Vu la procédure suivante :
Procédure contentieuse antérieure :
Mme A...B...épouse C...a demandé au tribunal administratif de Nantes d'annuler la décision implicite par laquelle la commission de recours contre les décisions de refus de visa d'entrée en France a rejeté la demande de visa de long séjour présentée pour l'enfant SalimatouC....
Par jugement n° 1502555 du 19 décembre 2017, le tribunal administratif de Nantes a annulé la décision de la commission de recours et enjoint au ministre de l'intérieur de délivrer le visa sollicité dans un délai d'un mois à compter de la notification du jugement.
Procédure devant la cour :
Par une requête enregistrée le 9 janvier 2018, le ministre de l'intérieur demande à la cour :
1°) d'annuler ce jugement du tribunal administratif de Nantes du 19 décembre 2017 ;
2°) de rejeter la demande présentée par Mme C...devant le tribunal administratif de Nantes.
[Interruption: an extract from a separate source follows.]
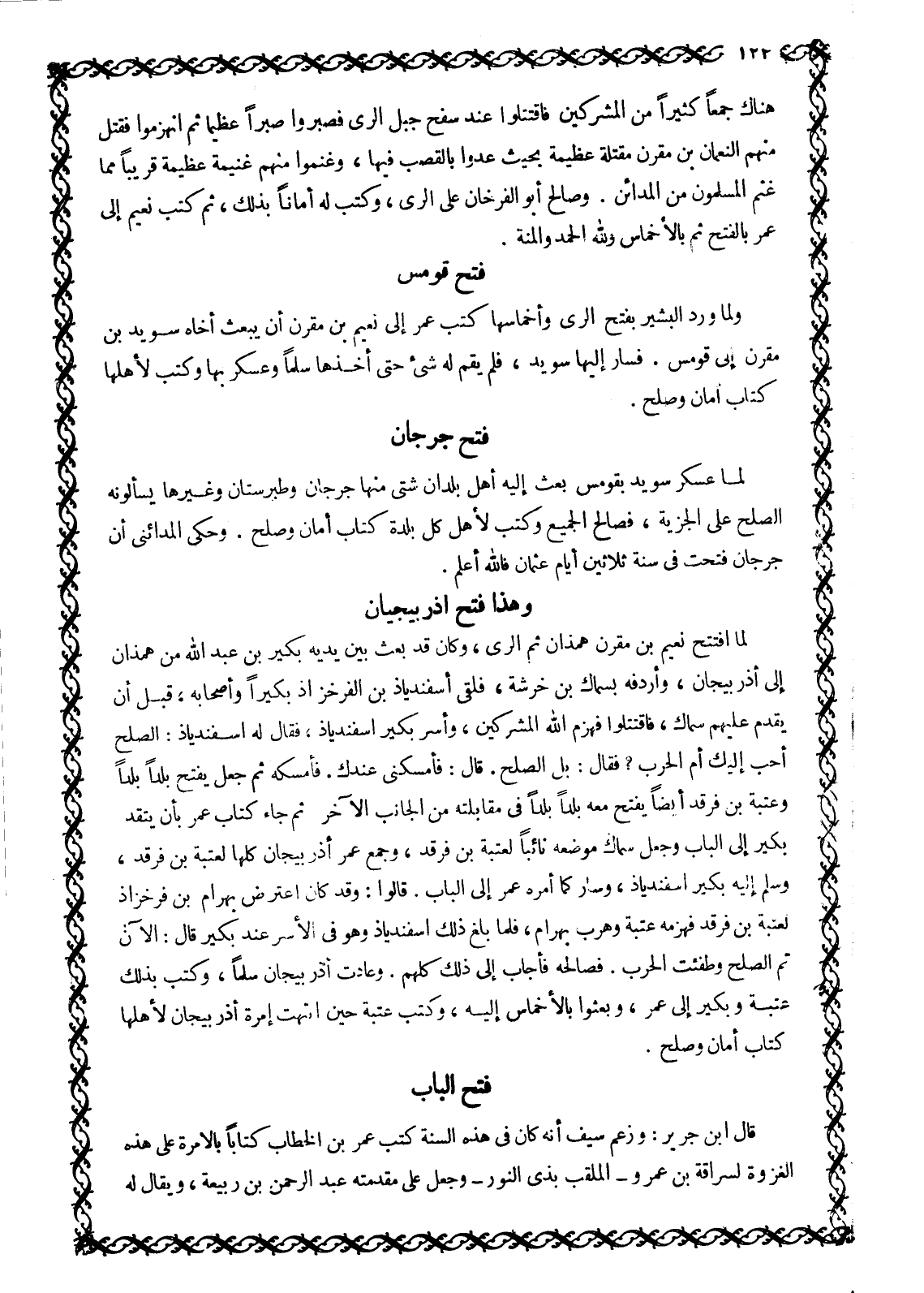 لَمَّا افْتَتَحَ نُعَيْمُ بْنُ مُقَرِّنٍ هَمَذَانَ ثُمَّ الرَّيَّ، وَكَانَ قَدْ بَعَثَ بَيْنَ يَدَيْهِ بُكَيْرَ بْنَ عَبْدِ اللَّهِ مِنْ هَمَذَانَ إِلَى أَذْرَبِيجَانَ، وَأَرْدَفَهُ بِسِمَاكِ بْنِ خَرَشَةَ، فلقى أسفنديار بْنُ الْفَرُّخْزَاذِ بُكَيْرًا وَأَصْحَابَهُ، قَبْلَ أَنْ يَقْدَمَ عَلَيْهِمْ سِمَاكٌ، فَاقْتَتَلُوا فَهَزَمَ اللَّهُ الْمُشْرِكِينَ، وَأَسَرَ بُكَيْرٌ إِسْفَنْدِيَاذَ، فَقَالَ لَهُ إِسْفَنْدِيَاذُ: الصُّلْحُ أَحَبُّ إِلَيْكَ أَمِ الْحَرْبُ؟ فَقَالَ: بَلِ الصُّلْحُ. قَالَ: فَأَمْسِكْنِي عِنْدَكَ. فَأَمْسَكَهُ ثُمَّ جَعَلَ يَفْتَحُ بَلَدًا بَلَدًا وَعُتْبَةُ بْنُ فَرْقَدٍ أَيْضًا يَفْتَحُ مَعَهُ بَلَدًا بَلَدًا فِي مُقَابَلَتِهِ مِنَ الْجَانِبِ الْآخَرِ. ثُمَّ جَاءَ كِتَابُ عُمَرَ بِأَنْ يَتَقَدَّمَ بُكَيْرٌ إِلَى الْبَابِ وَجَعْلِ سِمَاكٍ مَوْضِعَهُ نَائِبًا لِعُتْبَةَ بْنِ فَرْقَدٍ، وَجَمَعَ عُمَرُ أَذْرَبِيجَانَ كُلَّهَا لِعُتْبَةَ بن فرقد، وسلم إليه بكير اسفندياذ، وسار كَمَا أَمَرَهُ عُمَرُ إِلَى الْبَابِ. قَالُوا: وَقَدْ كَانَ اعْتَرَضَ بَهْرَامُ بْنُ فَرُّخْزَاذَ لِعُتْبَةَ بْنِ فَرْقَدٍ فَهَزَمَهُ عُتْبَةُ وَهَرَبَ بَهْرَامُ، فَلَمَّا بَلَغَ ذَلِكَ إِسْفَنْدِيَاذَ وَهُوَ فِي الْأَسْرِ عِنْدَ بُكَيْرٍ قَالَ: الْآنَ تَمَّ الصُّلْحُ وَطَفِئَتِ الْحَرْبُ. فَصَالَحَهُ فَأَجَابَ إِلَى ذَلِكَ كُلُّهُمْ. وَعَادَتْ أَذْرَبِيجَانُ سِلْمًا، وَكَتَبَ بِذَلِكَ عُتْبَةُ وَبُكَيْرٌ إِلَى عُمَرَ، وَبَعَثُوا بالأخماس إليه، وكتب عتبة حين انتهت إِمْرَةُ أَذْرَبِيجَانَ لِأَهْلِهَا كِتَابَ أَمَانٍ وَصُلْحٍ.

Le ministre soutient que :
- l'extrait d'acte de naissance de l'enfant Salimatou établi avant la demande de visa n'a été produit par Mme C...qu'au cours de l'instance devant le tribunal dans son mémoire complémentaire ;
- cet acte n'est pas probant dans la mesure où le jugement supplétif sur la base duquel il a été dressé n'a été produit à aucun moment de la procédure ;
- L'extrait d'acte de naissance en cause n'a pas été établi conformément aux règles fixées par l'article 193 du code civil guinéen ;
- La signature figurant sur le passeport de l'enfant est imitée et ne correspond pas à celle de MmeC....
Par un mémoire en défense, enregistré le 10 octobre 2018, Mme C..., représentée par MeF..., conclut au rejet de la requête, à ce qu'il soit enjoint à l'ambassade de France à Conakry de délivrer un visa d'entrée en France à Salimatou C...dans un délai de quinze jours sous astreinte de 100 euros par jour de retard à partir d'un délai de trente jours à compter de la notification de l'arrêt à intervenir, et à ce que soit mis à la charge de l'Etat le versement à son conseil de la somme de 3 000 euros au titre de l'article L. 761-1 du code de justice administrative et de l'article 37 de la loi du 10 juillet 1991.
Elle soutient que les moyens soulevés par le ministre de l'intérieur ne sont pas fondés.
Mme C... n'a pas été admise au bénéfice de l'aide juridictionnelle par une décision du 13 août 2018.
Vu les autres pièces du dossier.
Vu :
- la convention européenne de sauvegarde des droits de l'homme et des libertés fondamentales ;
- la convention internationale relative aux droits de l'enfant ;
- le code civil ;
- le code de l'entrée et du séjour des étrangers et du droit d'asile ;
- la loi n° 91-647 du 10 juillet 1991 ;
- le code de justice administrative.
Le président de la formation de jugement a dispensé le rapporteur public, sur sa proposition, de prononcer des conclusions à l'audience.
Les parties ont été régulièrement averties du jour de l'audience.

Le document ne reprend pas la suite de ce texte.